= WHAT NEEDS TO BE DONE =
Below are some records. Return exactly the lines from the one containing "परिवार की वृद्ध" through the one containing "Hun var 11 år, omtrent", both included, and only those.

= INPUT RECORDS =
- - - -

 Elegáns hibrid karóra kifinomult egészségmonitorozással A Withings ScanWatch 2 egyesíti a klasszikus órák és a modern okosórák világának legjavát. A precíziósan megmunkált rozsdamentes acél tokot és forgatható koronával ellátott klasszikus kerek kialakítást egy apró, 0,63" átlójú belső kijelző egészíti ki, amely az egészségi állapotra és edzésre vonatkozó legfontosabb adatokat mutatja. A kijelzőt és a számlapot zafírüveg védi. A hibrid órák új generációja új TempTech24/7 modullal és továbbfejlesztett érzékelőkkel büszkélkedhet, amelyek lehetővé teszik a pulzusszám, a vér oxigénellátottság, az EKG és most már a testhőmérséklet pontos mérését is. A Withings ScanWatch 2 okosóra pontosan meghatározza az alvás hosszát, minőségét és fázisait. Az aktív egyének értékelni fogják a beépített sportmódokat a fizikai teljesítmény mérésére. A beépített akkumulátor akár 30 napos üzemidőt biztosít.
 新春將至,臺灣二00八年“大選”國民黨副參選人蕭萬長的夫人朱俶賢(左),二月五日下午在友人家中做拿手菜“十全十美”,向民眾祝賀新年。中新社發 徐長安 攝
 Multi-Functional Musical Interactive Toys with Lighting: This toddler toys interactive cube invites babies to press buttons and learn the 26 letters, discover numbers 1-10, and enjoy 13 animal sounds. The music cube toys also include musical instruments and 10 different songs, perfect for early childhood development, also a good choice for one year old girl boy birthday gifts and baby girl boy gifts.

- - - -

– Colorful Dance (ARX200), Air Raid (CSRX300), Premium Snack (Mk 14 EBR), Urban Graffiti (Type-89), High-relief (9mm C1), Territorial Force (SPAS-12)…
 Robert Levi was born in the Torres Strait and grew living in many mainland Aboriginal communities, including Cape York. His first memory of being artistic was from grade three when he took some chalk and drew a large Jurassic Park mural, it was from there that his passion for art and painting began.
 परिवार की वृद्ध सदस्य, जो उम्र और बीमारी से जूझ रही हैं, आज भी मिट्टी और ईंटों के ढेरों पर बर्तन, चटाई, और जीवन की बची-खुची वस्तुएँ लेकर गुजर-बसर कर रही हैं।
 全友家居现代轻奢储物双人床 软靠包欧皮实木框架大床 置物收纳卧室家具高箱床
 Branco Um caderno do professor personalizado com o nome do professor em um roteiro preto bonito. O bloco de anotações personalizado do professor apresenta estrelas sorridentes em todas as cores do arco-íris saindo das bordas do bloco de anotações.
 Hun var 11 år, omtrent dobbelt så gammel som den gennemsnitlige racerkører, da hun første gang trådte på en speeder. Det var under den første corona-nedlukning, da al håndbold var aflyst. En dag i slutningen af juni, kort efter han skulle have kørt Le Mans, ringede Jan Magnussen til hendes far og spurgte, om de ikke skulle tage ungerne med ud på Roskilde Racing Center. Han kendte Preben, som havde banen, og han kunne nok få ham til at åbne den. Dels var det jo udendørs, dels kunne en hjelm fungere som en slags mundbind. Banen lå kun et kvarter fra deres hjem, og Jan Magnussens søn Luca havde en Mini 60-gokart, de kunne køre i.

- - - -

= EXERCISE SOLUTION =
 परिवार की वृद्ध सदस्य, जो उम्र और बीमारी से जूझ रही हैं, आज भी मिट्टी और ईंटों के ढेरों पर बर्तन, चटाई, और जीवन की बची-खुची वस्तुएँ लेकर गुजर-बसर कर रही हैं।
 全友家居现代轻奢储物双人床 软靠包欧皮实木框架大床 置物收纳卧室家具高箱床
 Branco Um caderno do professor personalizado com o nome do professor em um roteiro preto bonito. O bloco de anotações personalizado do professor apresenta estrelas sorridentes em todas as cores do arco-íris saindo das bordas do bloco de anotações.
 Hun var 11 år, omtrent dobbelt så gammel som den gennemsnitlige racerkører, da hun første gang trådte på en speeder. Det var under den første corona-nedlukning, da al håndbold var aflyst. En dag i slutningen af juni, kort efter han skulle have kørt Le Mans, ringede Jan Magnussen til hendes far og spurgte, om de ikke skulle tage ungerne med ud på Roskilde Racing Center. Han kendte Preben, som havde banen, og han kunne nok få ham til at åbne den. Dels var det jo udendørs, dels kunne en hjelm fungere som en slags mundbind. Banen lå kun et kvarter fra deres hjem, og Jan Magnussens søn Luca havde en Mini 60-gokart, de kunne køre i.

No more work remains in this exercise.